Po trzecie, Tusk nie widzi w tym niczego czego takiego czego sam by nie zrobił, Sam to wielokrotnie przytaczał i podkreślał, że przy takich kwotach zawsze ale zawsze przepływa coś pod stołem. Często mówił to w kontekście PIS-u ale ja mu wierzę bo w tej materii to jest co najmniej profesor.
Po czwarte Tusk nie robi prezentu obcym tylko swoim.
Nic innego wam frajerzy nie pozostało, tylko drzeć japy w stylu: A u was biją murzynów! Bo na krytykę Tuska spod stolika to się nie ośmielicie, bo ktoś wnerwiony takiego jak Jabe czy Śmieciu, może ostro kopnąć w główkę 🤣🤣
W mojej hierarchii Tusk i jego szajka jest na pozycji wroga, którego trzeba zwalczać zawsze i wszędzie i to wyczerpuje temat. Na nic się z nim, nigdy, nie umawiałem.
Z PIS- m zawierałem umowę głosując na PIS i jego program. I wg mnie frajerem jest ten co udaje, że nic się nie stało. Jest ślepy i głuchy. Błaga by go nadal oszukiwać.
Bo PIS oszukał swoich wyborców i gotów jest robić to dalej. Nie widać ochoty do refleksji i głównie z tego powodu marsz po zwycięstwo to mrzonki. Buńczuczne, aroganckie wypowiedzi budzą u jednych złość, u innych politowanie i z tego nie będzie zwycięstwa. Nie będzie co zbierać. Tusk uzyska władzę absolutną. Tego chcesz?
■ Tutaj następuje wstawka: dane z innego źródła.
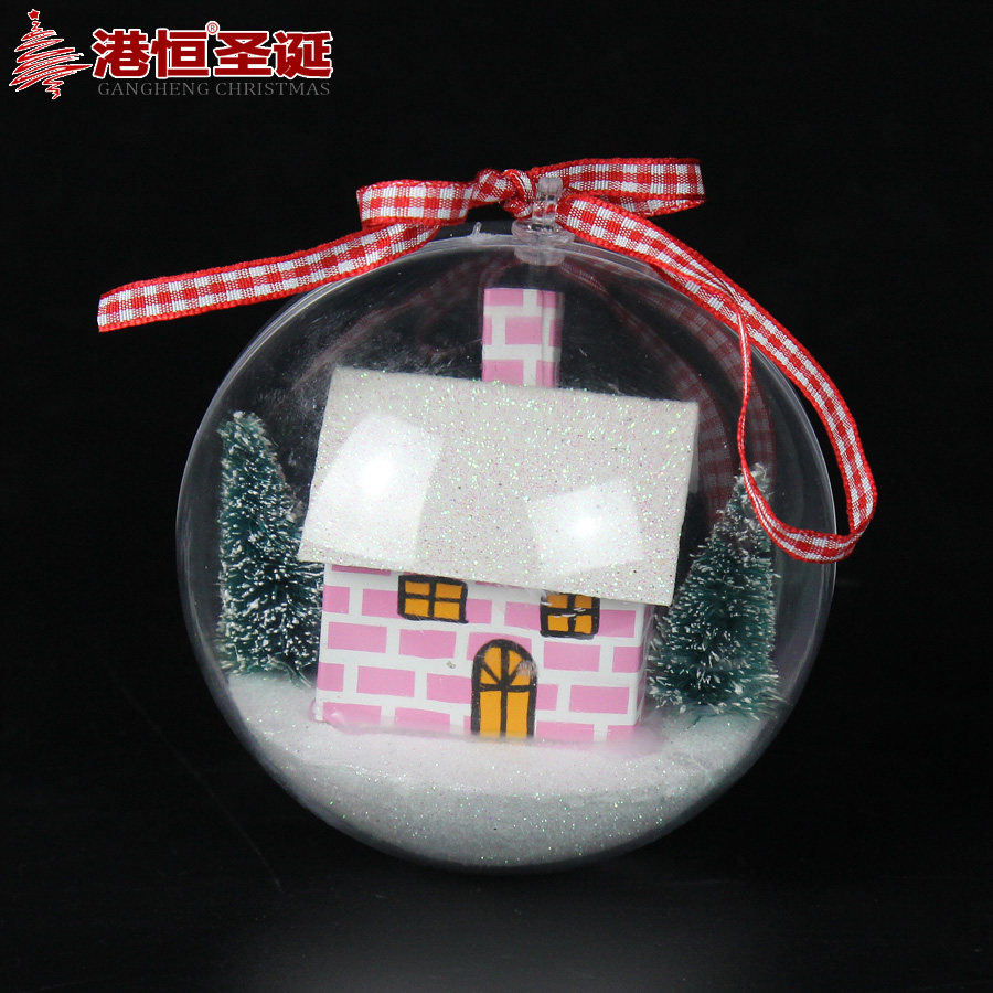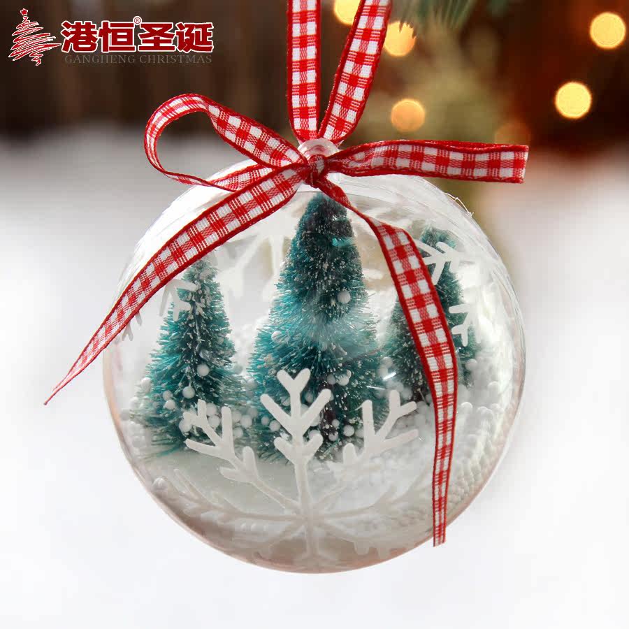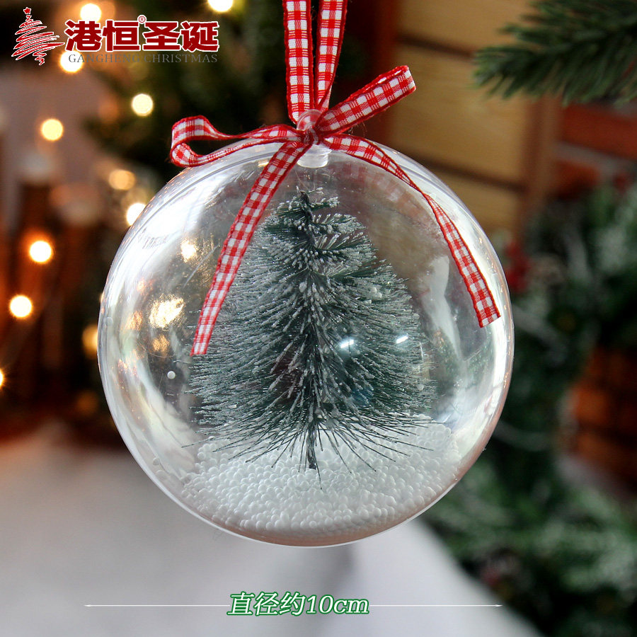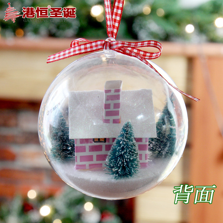 港恒8cm10cm透明球 开合内景透明装饰圣诞球 精致内置场景球

To bardzo trafne podsumowanie. Ja mam również taki sam pogląd. O Tusku i jego ferajnie mam wyrobione, negatywne, zdanie. To z PIS-em zawarłem umowę i ich wspierałem przez lata. Szkoda, że do niektórych to nie dociera. Bo jak coś wytykasz tym, na których głosowałeś, to na pewno jesteś za tymi z drugiej strony barykady.
Jakoś w waszych komentarzach nie widzę tej umowy z PiS, no chyba że chcieliście jakiegoś intratnego korytka. No i zapomnieliście dodać, że PiS jest winien całemu nieszczęściu jakie spotyka dzisiaj Polskę, i odpowiada nawet za gradobicie w Koluszkach. Tu na NB produkował się przez kilka lat podobny jak wy, niejaki drrr Pasierbiewicz z podobnymi tezami - nawet do Prezesa słał listy - i dostawał odpowiedź! Zawierał umowy od lewa do prawa i na koniec, okazał się pospolitą świnią. Nie idźcie tą drogą. Ja wiem co was boli, boli was że Prawicowa Koalicja mimo spięć nadal trwa i olewa konfederackie podjazdy.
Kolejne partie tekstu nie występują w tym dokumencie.